A middle age gay man in transition.

Thursday, August 05, 2004

Chat Room Buddy

Last night I had a 4 1/2 hour on-line conversation with a guy. We have chatted several times over the last few weeks, but the talk last night was unusual. We seemed to get on so well and talked about all kinds of things. His screen name is bornnatural, his real name is M. I have never seen a photo of him but he has seen my photo. Last night we were ready to meet but we live about 20 miles away from each other and he had to get up early for work and was leaving for a long weekend with his family after work. I am also away in Toronto this weekend. We promised to chat on Monday again and arrange a meeting this coming week. But he is playing it very cautious. He has not given me any real personal information such as an email address, phone number etc. While I will gladly provide these, he does not want them yet. Is this guy for real?. I can't imagine someone talking that long as a game, but I guess it could happen. We just seemed to click on so many different levels, it is scaring me. I have been thinking about him since last night and now I am afraid to meet him if it ever happens. I think he is too good for me and he deserves someone better.

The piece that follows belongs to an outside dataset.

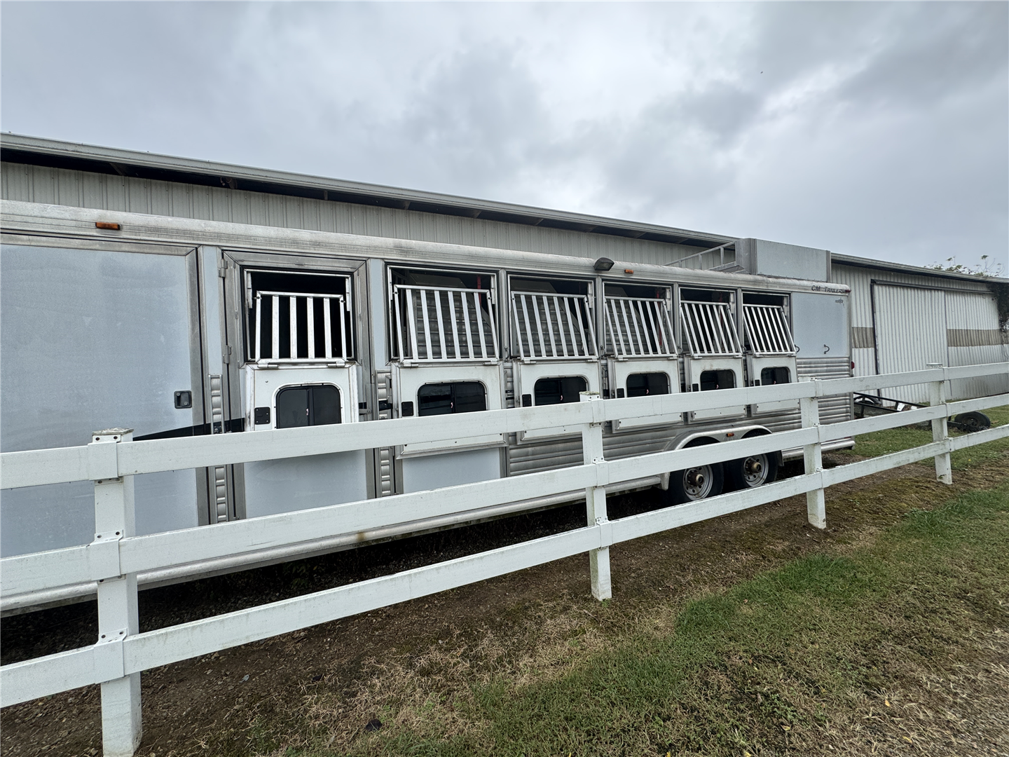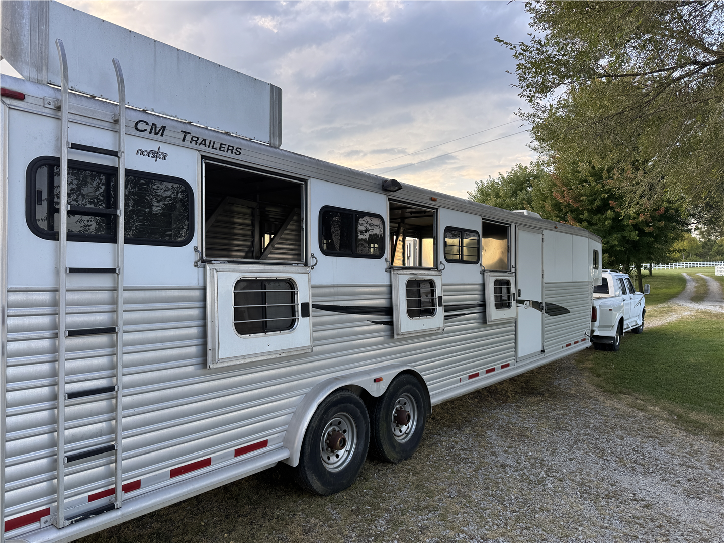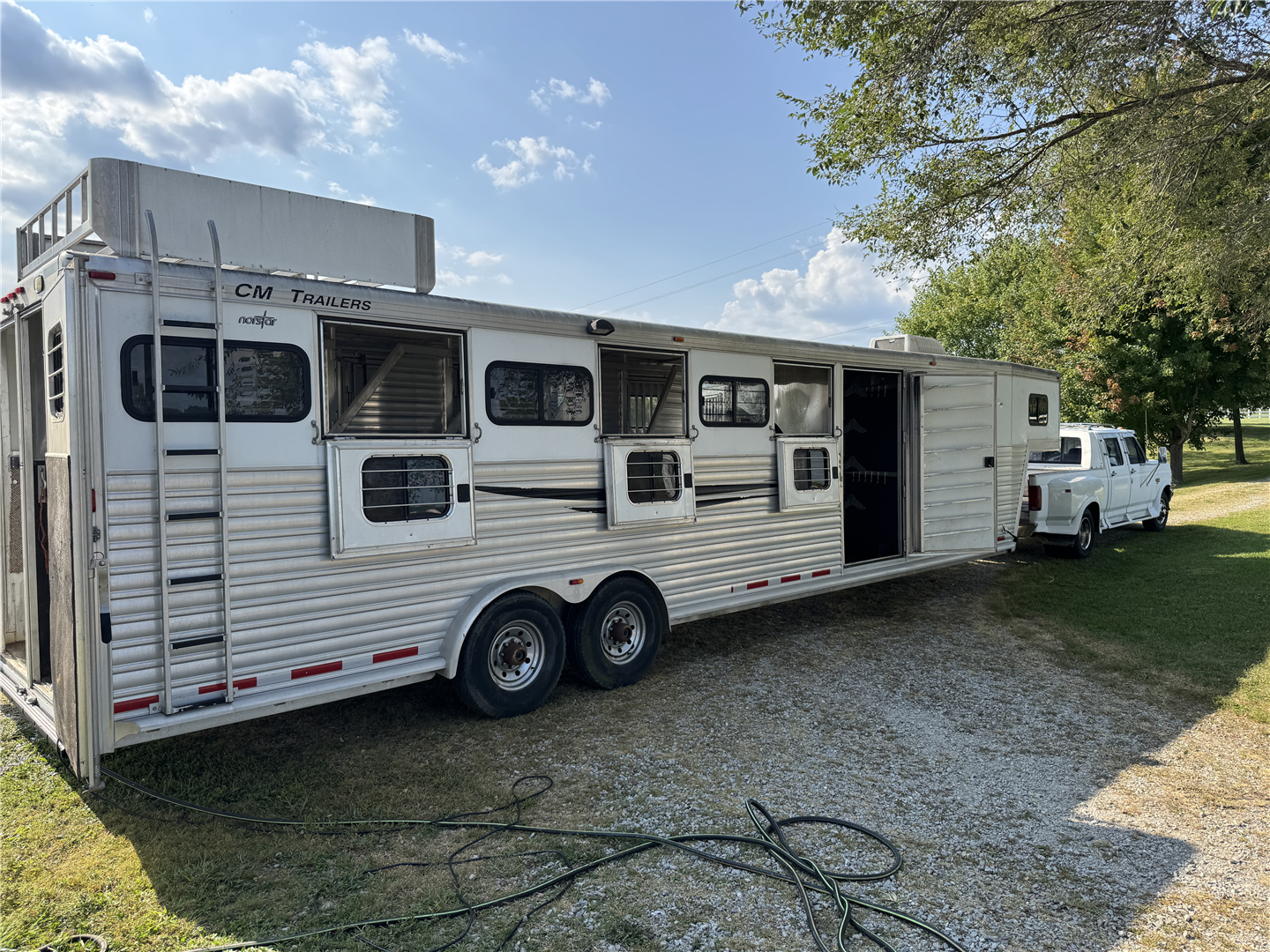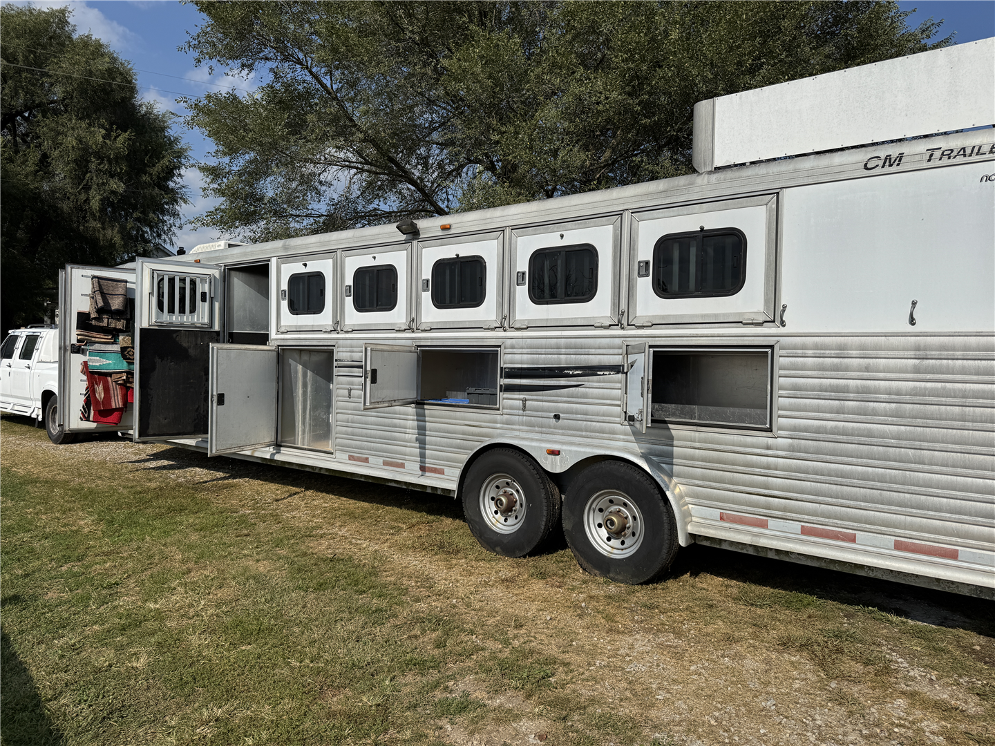 2003 CM Norstar 6 horse slant Gooseneck step up trailer. Aluminum 32' x 7' x 7.1. Excellent Trainer's trailer with tons of storage and tack area. Large Front dressing room with A/C and boot box, clothes rod, hooks etc. 2 mid-tack rooms with saddle racks, bridle hooks, brush box, Rear tack with bridle hooks, Escape door, Full floor mats in great condition and solid dividers. Drop down 6 head windows and 3 rear side windows for great air flow. Full hay mangers. Has under manger large storage compartments outside all long the full manger side. Very good condition. Only hauled a dozen times and has been parked since. A/C only used one time. Tires have good tread, but should be replaced for long hauls due to sitting for awhile.

While he knows a lot about me and I know a lot about him, there are some things in my past I am sure he would not like, but he hasn't asked yet and I don't know his past. It is so easy to be honest with someone in a chat room, of course it is also very easy to be dishonest. I have been honest with him and he seems the most sincere of guys, but I just keep thinking it is too good to be true. I wanted to send him an email today, but I am unable to because I do not have his personal email and to send one through the chat room you have to be a paid member which I am not and will not become. So I guess I will just play the waiting game. He thinks it is fate we were destined to meet...but I am not so sure. I have had great conversations in chat rooms before and after a few weeks you never talk to the person again, what I think of as a great bond is only a temporary thing that the other person does not take seriously. I guess I have learned my lesson and I am being hesitant and sceptical but something inside me wants to beleive it could be real and that we could have a chance. If we do meet and we do click, it would be great. I guess you will have to follow my blog to see if anyting develops!

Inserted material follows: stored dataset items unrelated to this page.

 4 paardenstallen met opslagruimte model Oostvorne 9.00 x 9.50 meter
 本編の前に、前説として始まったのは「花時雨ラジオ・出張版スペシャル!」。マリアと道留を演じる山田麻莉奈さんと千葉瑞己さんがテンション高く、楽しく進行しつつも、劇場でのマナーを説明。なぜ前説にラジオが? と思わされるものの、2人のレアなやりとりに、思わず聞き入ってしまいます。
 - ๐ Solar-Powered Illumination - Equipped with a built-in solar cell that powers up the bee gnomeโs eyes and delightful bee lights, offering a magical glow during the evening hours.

On the job search, it is becoming more optimistic. An old colleague I used to work with called about an opening at her company. This is great as we get along well and work well together, she is going to try and get her boss to look at my resume. She had also recommended a recruiting firm, to which I posted my resume. I got a response that day about a job in London, Ontario with a firm that is owned by a Belgian Company. That would be a strange twist having moved back to Canada from living in Belgium and then working for a Belgian company! And the third opportunity has been with another recruiting firm that has called three times to see if I am interested in becoming a head hunter and I meet wtih them Monday in Toronto. Even if nothing comes of these opportunities it has helped boost my self esteem. Someone out there thinks highly of me!!!

An update on my brother M. He seems to be doing well the last few days. I don't know if it is his new anti-depressants or the conforontation with me, my Mom and my Dad. I do hope we can get him into a counciling program soon. He needs professional help. Let's keep our fingers crossed.